Baltimoreans have long debated the guilt and innocence of Alger Hiss and Whittaker Chambers. As recently as last fall, as I sat at an informal Sunday evening supper party in Guilford, the guests divided into two vocal camps, those who were pro-Hiss and those who backed Chambers. No one's opinion budged a fraction by the end of that evening.
To this day, the question simmers whether Alger Hiss, the Baltimore-born favorite son, graduate of City College and Johns Hopkins, willingly handed over classified documents to the Soviets in the 1930s. To his death, Alger Hiss professed his innocence. The Chambers-Hiss spy case broke wide open in the late 1940s and has been contested here ever since.

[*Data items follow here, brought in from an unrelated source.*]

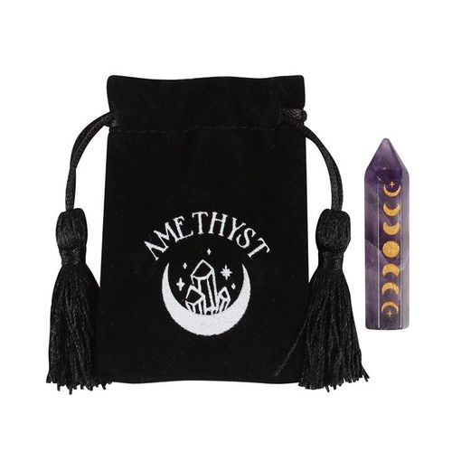 This beautiful amethyst crystal point is perfect in size for travel altars, desk decor or taking on the go for extra protection. Features a gold-tone moon phase engraving and comes with a matching drawstring bag for storage and safe-keeping.  Product Dimensions: H5cm x W1.2cm x D1.1cm  Packaged Dimensions: H8cm x W5.5cm x D1.4cm
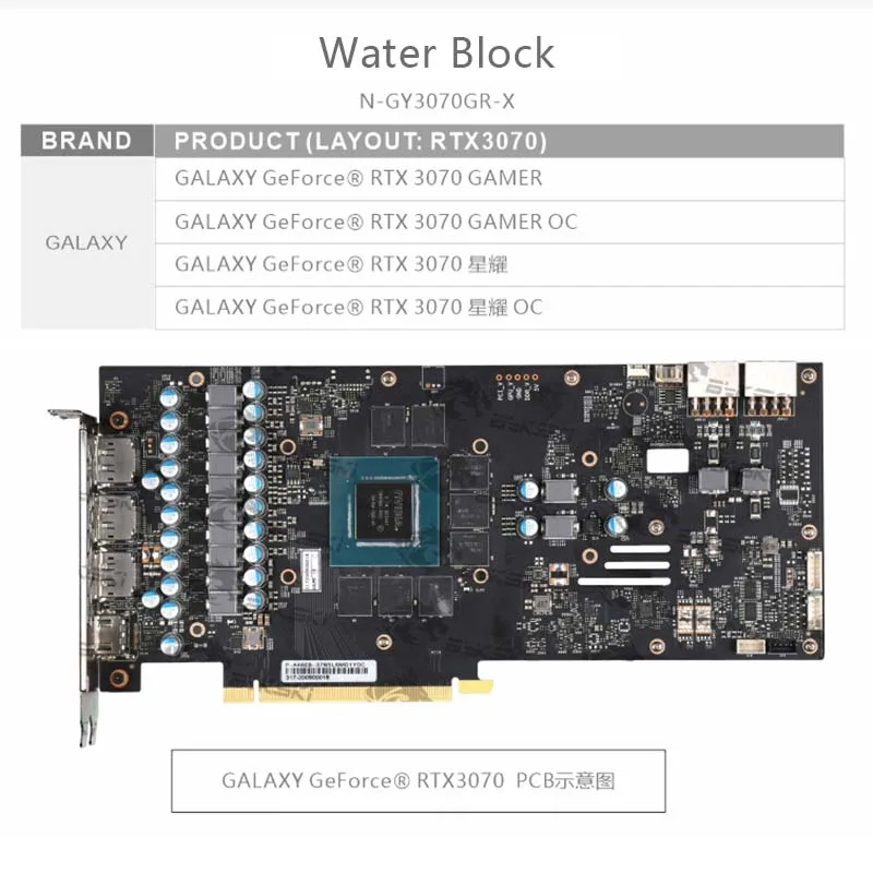 Петля: неалюминиевая (Включая, помимо прочего, следующие модели) GALAXY RTX3070 геймер GALAXY RTX3070 GAMER OC GALAXY RTX3070 GALAXY RTX3070 OC Совместимость основана только на эталонном дизайне, блок может не соответствовать измененному/суперблокированному и другим вариациям сторонвечерние ителей, которые отличаются от эталонного дизайна. Фитинги: Резьба G 1/4 Запасные задние пластины: из-за разницы в креплении между картами запасные задние пластины не подходят.
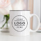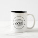 Elevate your brand with this custom two-tone business logo coffee mug featuring a crisp white exterior with a bold black interior for eye-catching contrast. The clean circular logo placeholder appears on both sides, making your brand visible from every angle. Upload your company logo in any color or shape for a polished, professional finish. A memorable branded keepsake for offices, trade shows, conferences, and promotional giveaways.
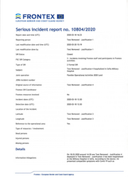 ::: FRONTEX E'UROPEAH BOROER ANO COAST vUAR.C AGENCY m Serious incident report no. 10804/2020 Report date and time (UTC) 2020-03-18 16: 23 Reporting person Text Removed - Justification 1 Last modification date and time (UTC) 2020-03-20 15: 19 Last modification done by Text Removed - Justification 1 SIR Status Closed 3 - Incidents involving Frontex staff and participants in Frontex FSC SIR Category activities Type of SIR 2 Formal SIR Text Removed - Justification 4 hospitalized in Sofia Military Subject Hospital Joint operation Flexible Operational Activities 2020 Land JORA incident number Original source of information Text Removed - Justification 4 Frontex SIR Coordinator Frontex resources involved No Incident dates (UTC) 2020-03-18 13: 30 Detection date (UTC) 2020-03-18 13:30 Location of the incident Latitude Text Removed - Justification 3 Longitude Text Removed - Justification 3 Reference to the operational area Yes Type of resources / involvement Dead persons Injured persons Missing persons Details On 18.03.2020 around 14:30 one Text Removed - Justification 4 deployed in Text Removed - Justification 3 has been hospitalized Information/ Allegations at the Military Hospital in Sofia. According to the doctor, he presented compatible symptoms with Covid-19 such as Frontex • European Border and Coast Guard Agency
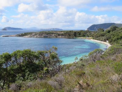 The white sand beach stretches 300 meters along the coast with granite outcrops forming the eastern boundary near Vancouver Peninsula.
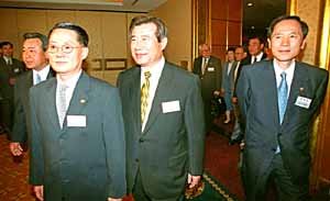 박재규통일부장관 한광옥대통령비서실장 박지원문화관광부장관(오른쪽부터)이 7일 서울 스위스그랜드호텔에서 열린 남북정상회담 대표단 상견례 식장에 밝은 표정으로 들어서고 있다.
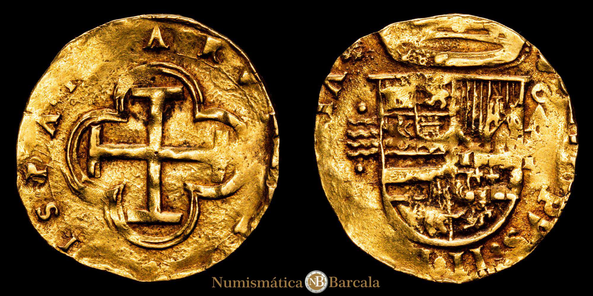Numismática Barcala > Productos > Felipe II. 2 Escudos. (6,68 g.). Valladolid. (1590-1597). Ensayador A. Aureo y Calicó-877. MBC+. Muy rara
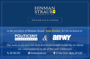 Hinman Straub congratulates Sean on this well-deserved honor and looks forward to his continued leadership on behalf of our clients and New York’s health care community.
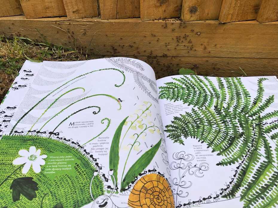 Książka pokaże nam rośliny rosnące w lesie, zwierzęta i wiele innych leśnych elementów. Razem z mrówkami maszerujemy po mchu, paproci i grzybach. Spoglądamy na komary, konika polnego i żaby.
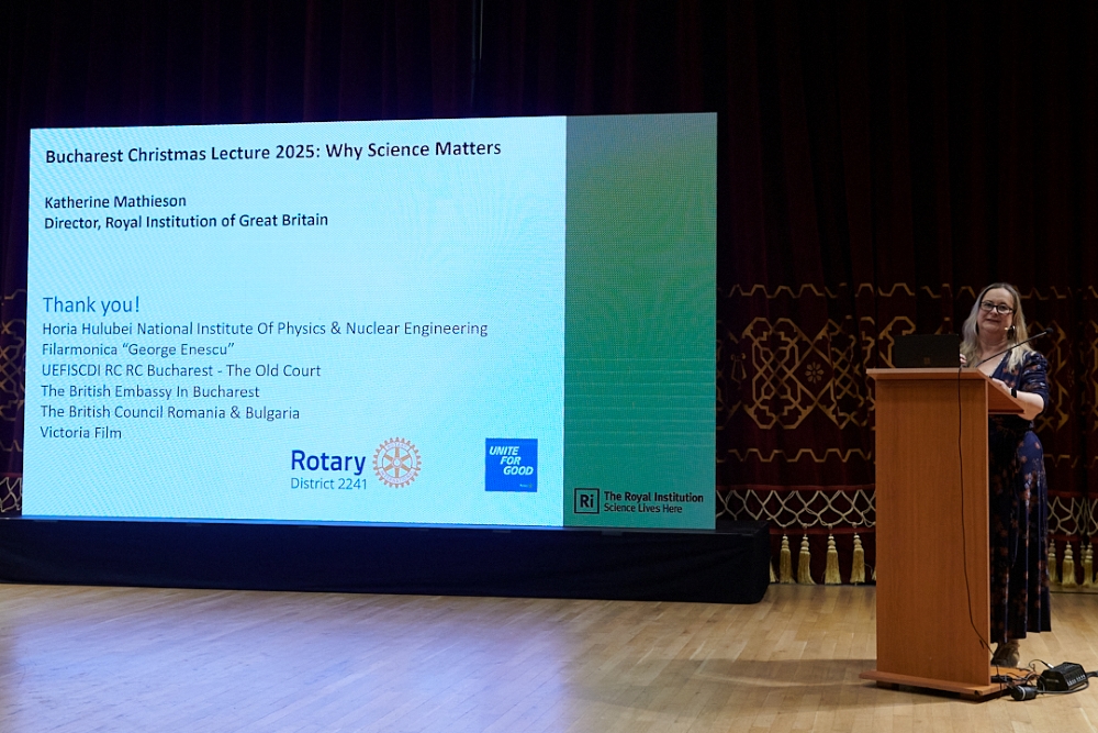 Doamna Katherine Mathieson a susținut conferința cu titlul “Why Science Matters”, o reflecție asupra importanței științei în viața de zi cu zi și asupra rolului pe care educația științifică îl joacă în formarea societăților modene.
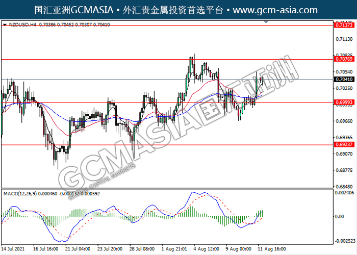 20210812 NZDUSD-午间 by keyk | Aug 12, 2021 | 纽元兑美元 | 0 comments NZDUSD,H4: 纽美触底反弹上行。MACD形成金叉,动能略增,短期可继续看多为主。上方关注0.7075和0.7135压力,下方关注0.7000支撑和0.6925支撑。
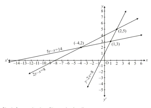 (i) $2 y-x=8,5 y-x=14$ and $y-2 x=1$
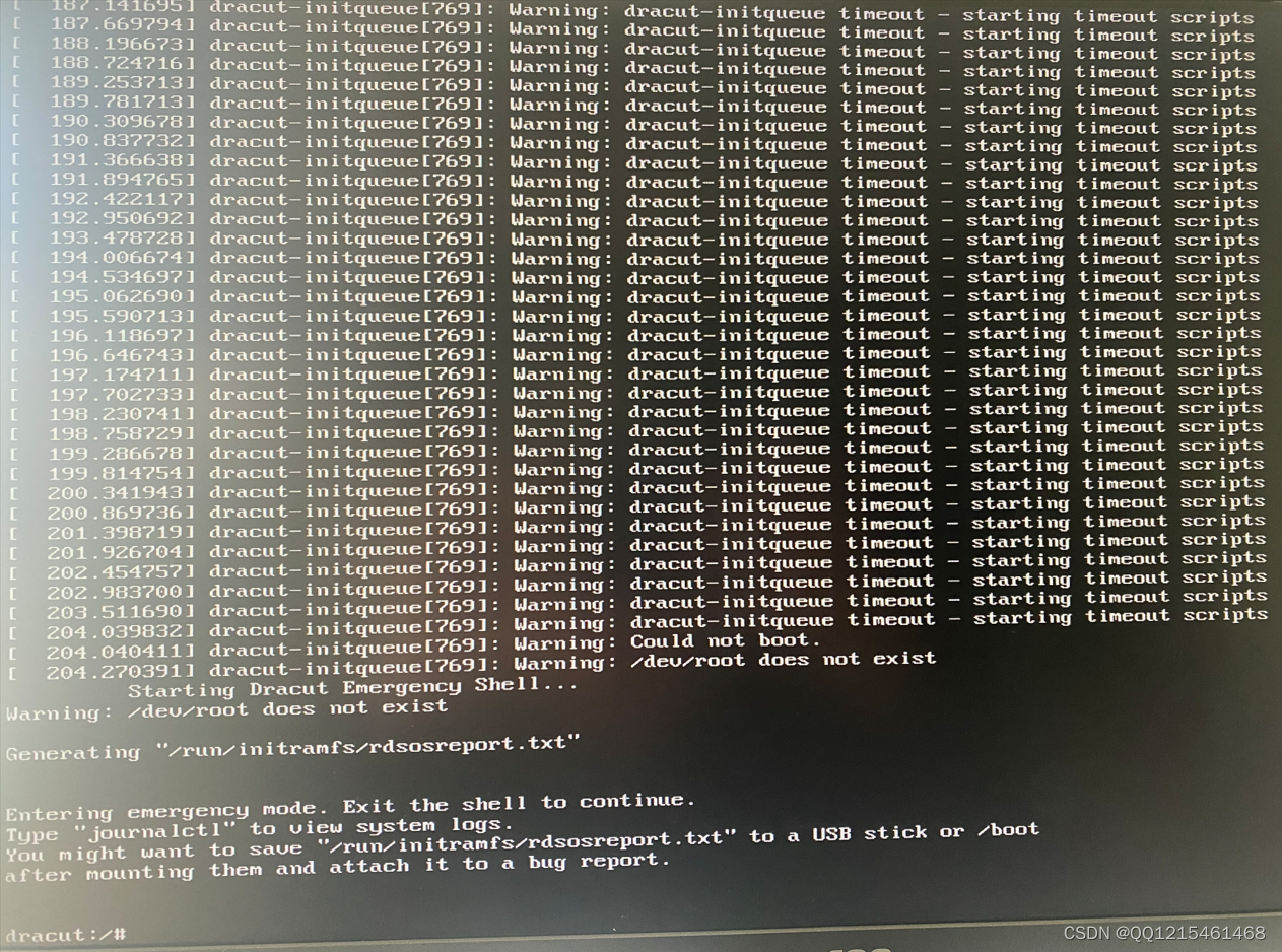 Warning:dracut-initqueue timeout - starting timeout scripts
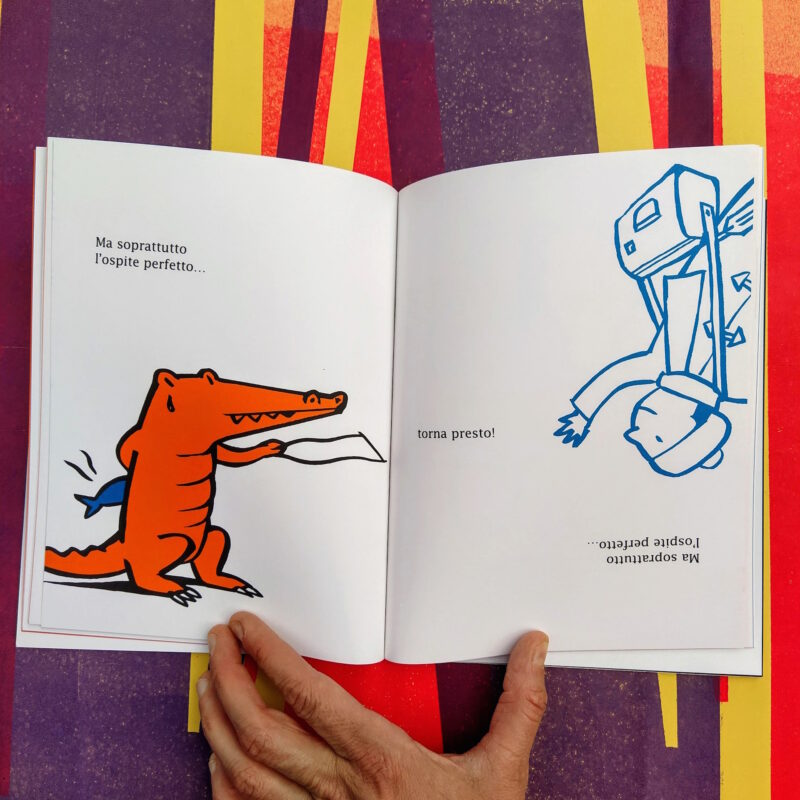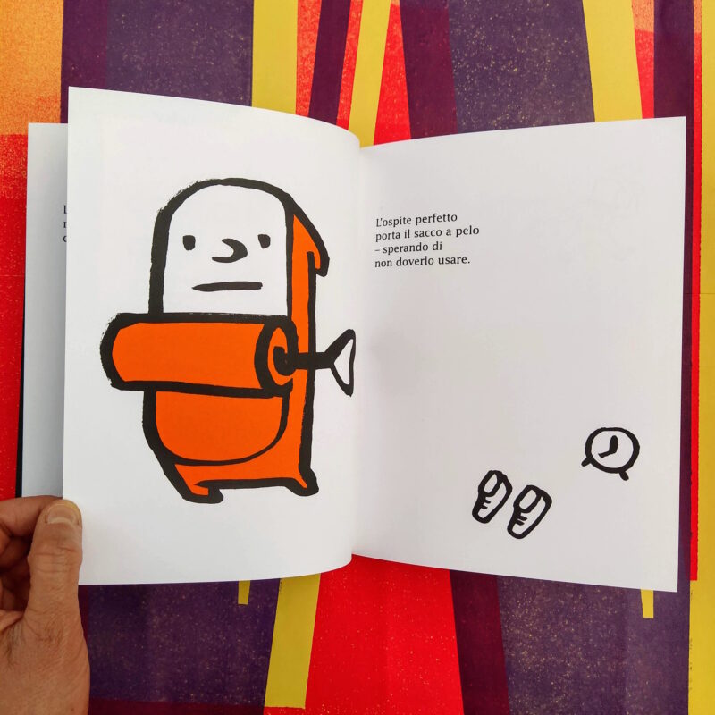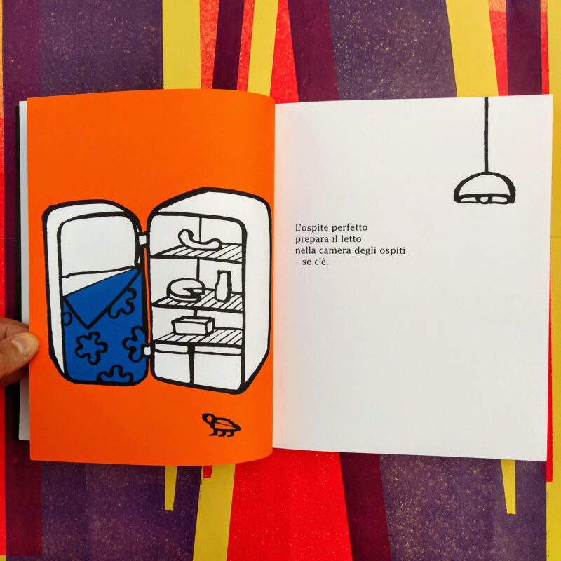 Un libro da leggere in due direzioni per giocare con l’idea di ospitalità: ospite è sia chi accoglie sia chi è invitato. Qual è l’ospite perfetto, in entrambi i sensi?
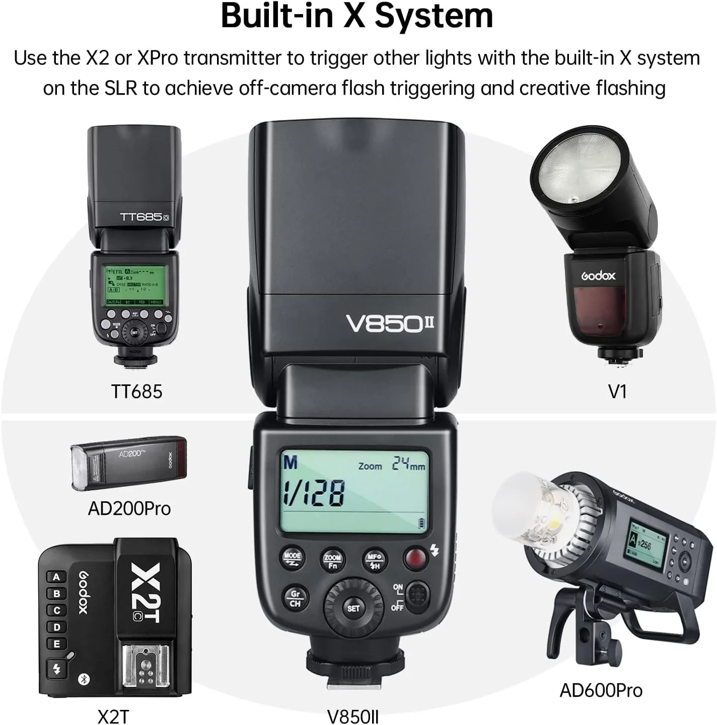 Built-in Godox 2.4G Wireless X System: Includes Master & Slave modes for wireless flash.

Much of the mystery, as well as the circumstances, of this saga is explained in the 600-plus pages of "Whittaker Chambers, A Biography," the new book by author Sam Tanenhaus, a meticulous researcher who lays out the conflict between these two men in clear sentences based upon diligent research.
This compelling, page-turner of a read started my imagination overflowing about Baltimore in the 1930s. I envisioned our streets, houses and neighborhoods in terms of an espionage thriller. Soon spots as commonplace as Mount Veron Place became meeting locales for the characters in a drama that exploded in highly publicized government hearings and a pair of sensational trials. I questioned how many times this spy courier had walked into Baltimore's Pennsylvania Station, bought a day-coach ticket to Manhattan and boarded a maroon coach.
I first encountered the name Whittaker Chambers 30 years ago when I heard he had lived in Charles Village, the neighborhood where I lived then and now. In 1979, I bought a house two doors away from the residence Chambers had purchased 41 years before. Although he, his wife Esther Shemitz Chambers and children Ellen and John lived there only briefly, 2610 St. Paul St. remains Whittaker Chambers' house in neighborhood lore.
On a fine April afternoon last week, when I had just finished the book, my imagination got to me again. I stopped by yet another Chambers house at 2124 Mount Royal Terrace. This house gets my vote as a great example of spooky Victorian Gothic, #i something out of a Charles Addams New Yorker cartoon. The house has a dark brick facade and touches of castlelike architecture at its cornice. It just looks like a spy house.